Bridge Over Smelly Water


When does going home ever start to feel like coming home? Is it when you open the door to your childhood house after a long absence? Is it when you see old friends, visit old haunts, do all the things that you once did before? Only now, you're older, and life has churned and shifted into a new suspension... Or can you never recapture that feeling, the settled, quiescent placation in your head that you are, indeed, where you should be? But then again, do you need such feelings at all?

Those are some questions I've been asking myself now that I've been immersed in the strange ten-day haze that is my proper summer vacation.
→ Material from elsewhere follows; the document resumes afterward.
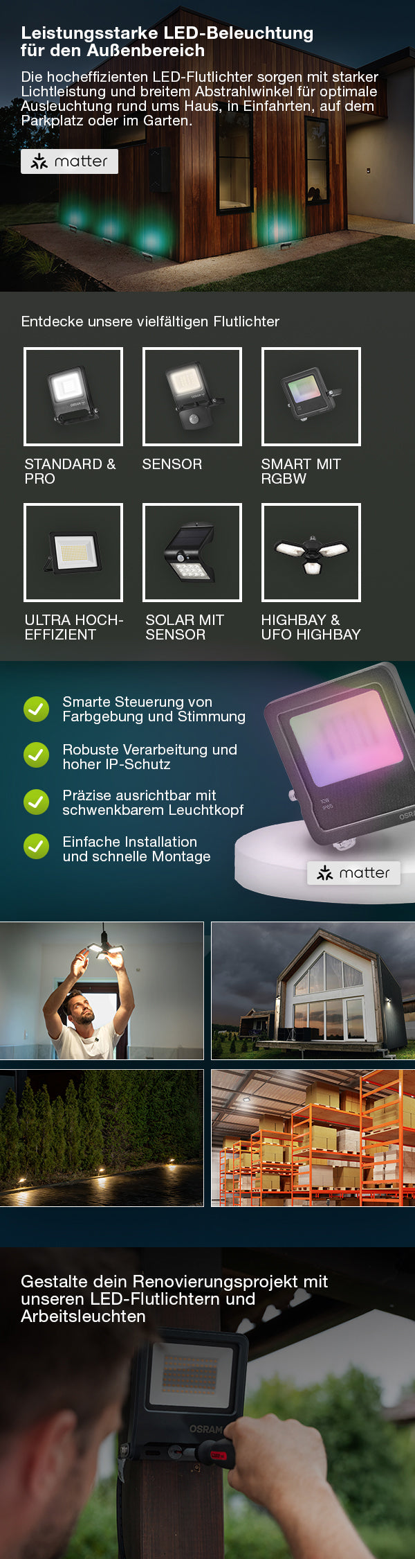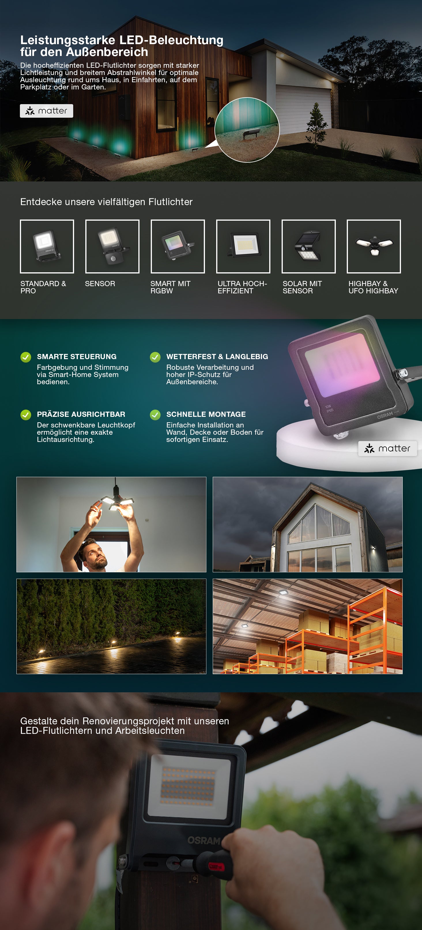• Anwendung: Perfekt geeignet für Fassadenanstrahlung und Gartenbeleuchtung, Smart-Home-System erforderlich

Over the past week (and for the next three days), I've seen old friends with sometimes unrecognizable new lives, done a few things I did back in high school but... like, anachronistically (gone movie-hopping in our theatre in the middle of noon on a monday, bubble tea in the middle of the night, Starbucks and just driving around with Catherine.. but we're old, and feeding bad shopping habits in a ghost town shopping mall).
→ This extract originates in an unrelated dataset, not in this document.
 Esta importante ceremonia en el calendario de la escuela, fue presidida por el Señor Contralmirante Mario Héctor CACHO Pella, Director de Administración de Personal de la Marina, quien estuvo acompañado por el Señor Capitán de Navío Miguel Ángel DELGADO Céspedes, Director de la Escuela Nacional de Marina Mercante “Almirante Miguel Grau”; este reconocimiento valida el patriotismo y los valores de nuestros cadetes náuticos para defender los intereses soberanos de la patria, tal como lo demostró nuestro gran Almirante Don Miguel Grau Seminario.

Is May the month where homecoming college kids quietly take over the town, re-immersing themselves into a suburbia that knocks the wind right out of their sails? By June, we're on to greener pastures.

Babbling aside, there's a bridge down the street from where I live that connects our neighborhood to a "sister" neighborhood. I call it a bridge because fences flanked the passageway, and technically it crossed over a huge cylindrical sewer pipe containing a little creek. Both sides of the bridge used to be swathed in trees and in my middle school days, I'd jump the wobbly plastic fence and venture down through the woods to visit the little creek and breathe in the smell of... well, sewage. It was pretty gross, actually. During my last year of high school, the huge pipe broke and the road caved in. For a while there was a huge sinkhole, but this time when I came back, they rebuilt everything and removed all the trees surrounding the creek, leaving this picturesque little clearing. Perfect to take pictures in!



I got a little bit of street style (or, um, off-road style HAHAHAHA) with Catherine. I really loved her top, the lace detailing was incredibly intricate and I thought the see-through lace was flirty and mysterious. But it wasn't cheap boring lace patterns like I've sometimes seen (and quickly discarded). Really awesome patterns. She also had these awesome, thrifted kitten heels that kind of kept sinking into the dirt, so that was bad, though the heels themselves were cute and otherwise practical. We took a few photos and ran before the mosquitoes could come out in full force and feast upon our flesh.

To orient you, this is Catherine mid-twirl. LOOK AT THAT LACE DETAILING.
I didn't notice until I edited these photos, but Catherine is really pale (not a bad thing! most Asians consider this a compliment...=_=) Add to that the fact that these photos were a little bit over-exposed, she was practically glowing. In a pulsating light from within kind of way. 



Here, we have Catherine in her natural habitat. As we can tell, she is rather unperturbed by the camera's presence. She seems to be freaking a leaf.